Entre descampados, instalaciones deportivas y edificios residenciales me planto en la siempre transitada avenida General Avilés, último inciso de bullicio antes de sumergirme en ese remanso de paz que es Campanar. Cuando escribo esa expresión –remanso de paz- me vienen a la mente los pastores Salicio y Nemoroso que con tanto acierto describía Garcilaso de la Vega. No creo que el poeta recreara la huerta valenciana, aunque no andaría muy alejado en su inspiración.
Vale. Dejo de andarme por las ramas para no distraerme del mejor tramo del recorrido, el que comienza en la calle Mossén Rausell. Despacito, mirando cada casona, sigo mi camino cruzando por calle Marines, compositor Amando Blanquer y por la tan estrecha como corta (unos 50 metros) y encantadora calle Macastre.

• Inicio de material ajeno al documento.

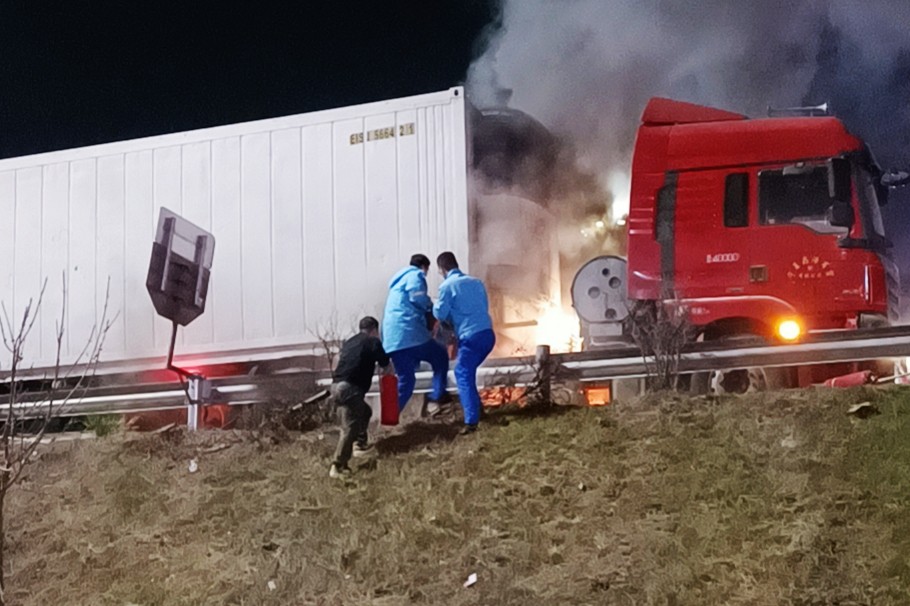 2024-03-27 作者:3月26日晚,一輛車牌號為遼H96T7掛的集裝箱貨車行駛途中發(fā)生自燃,緊急停靠在洛陽服務區(qū)南半幅高速公路主線應急車道,并向加油站當班人員尋求幫助。因停放地點距離加油站較近,火勢較大有蔓延趨勢,加油站立刻啟動應急預案,撥打119火警電話,組織工作人員跑步趕赴現(xiàn)場滅火。在…
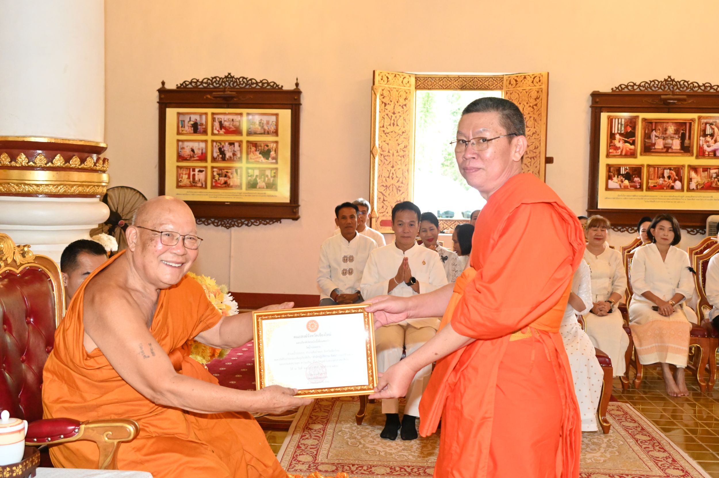 ขณะเดียวกัน นายศิวะ ธมิกานนท์ รองผู้ว่าราชการจังหวัดเชียงใหม่ เป็นประธานฝ่ายฆราวาส มอบเกียรติบัตรประกาศเกียรติคุณแก่หมู่บ้านรักษาศีล 5 ดีเด่น จังหวัดเชียงใหม่ เพื่อเชิดชูชุมชนต้นแบบที่ยึดมั่นในหลักธรรมคำสอนและส่งเสริมคุณธรรมจริยธรรมในสังคม
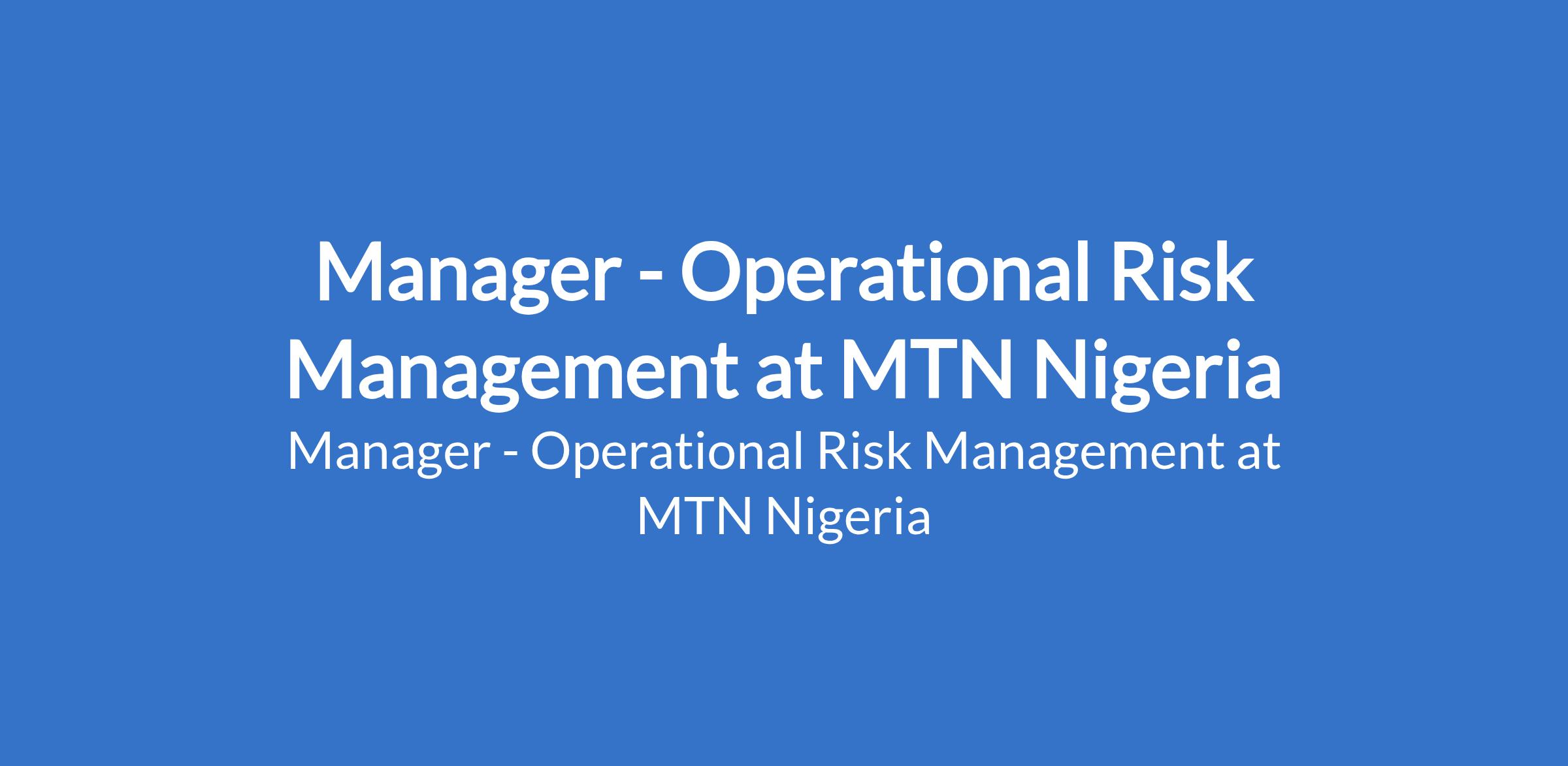 MTN Nigeria is recruiting to fill the position of: Manager - Operational Risk Management. The position is located in Ikoyi, Lagos State. Interested candidates should possess a Bachelors Degree in Business, Finance, Accounting, Engineering, Computer Science, Economics or related disciplines with 6 - 13 years experience.

Continúo. Aminoro la marcha porque en el viejo Campanar vale la pena no transitar acelerado y disfrutar de su ambiente rural. Atravieso el cruce con las calles Eduardo Lluch y Benifaió y empalmo ya con Benidorm. Sí, con la calle Benidorm. Siempre me llama la atención el contraste de su nombre. Cuando alguien piensa en Benidorm no la relaciona precisamente con la tranquila calle de Campanar. Más bien con lo contrario. Bueno, me sorprenden tanto la denominación de la calle como el enorme rótulo que corona el Forn de Manuela. Y la tradición que emana de la Sociedad Recreativa Casino de Campanar. Rimbombante nombre tan usado en el pasado (lo de sociedad recreativa casino) para destacar que se trata de un lugar donde distraerse.
Desando unos pasos, tuerzo a la derecha por Grabador Enguídanos y salgo de la zona de las casas protegidas, donde no se puede construir para preservar el patrimonio de Campanar. No. Me falta algo fundamental. No me quedo tranquilo. Pienso. Otro giro, ahora a la izquierda por calle del Barón de Barcheta y, sí, he llegado al apogeo del encanto de esta secular barriada encorsetada entre las avenidas Maestro Rodrigo, calle Parra y Pío XII. Claro: la plaça de l´Esglèsia. Impresionante totalmente.
La primera visión provoca una erupción de recuerdos en mi cabeza, y no precisamente urbanos. Una octogenaria, diminuta de cuerpo y muy enérgica de espíritu, barre con vigor el tramo de acera situado junto a la puerta de su casona de dos pisos, posiblemente la vivienda que le legaron sus ancestros. Con calma, con pulcritud y, naturalmente,con el sentimiento de que se trata de una tarea cotidiana que ha heredado como costumbre.
Bajo un silencio que sorprende en una metrópoli, me siento a contemplar el campanario de la iglesia de Nuestra Señora de la Misericordia y, mientras la miro, pienso en las deliciosas calderas de arròs en fesols i naps que se cocinan en esta plaza en las fiestas de la Virgen de Campanar, que precisamente se celebran en febrero. Sí, aunque hace más de 120 años que dejó de ser pueblo y se integró en Valencia, todavía mantiene esa esencia secular. Y ese encanto que singulariza el barrio dentro de la ciudad.
¡Vaya! Se me ha abierto el apetito. Voy a buscar coca Cristina en alguno de los hornos. Quizás en los de la colindante calle Riba-roja, aunque eso ya significa empezar a salirme de este islote campestre. Me comeré mejor una empanadilla por el camino hacia un distrito diferente de la ciudad, que Valencia da para curiosear mucho y todavía tengo por delante otro bonito y largo paseo que contaremos en el número de marzo de El Periódico de Aquí.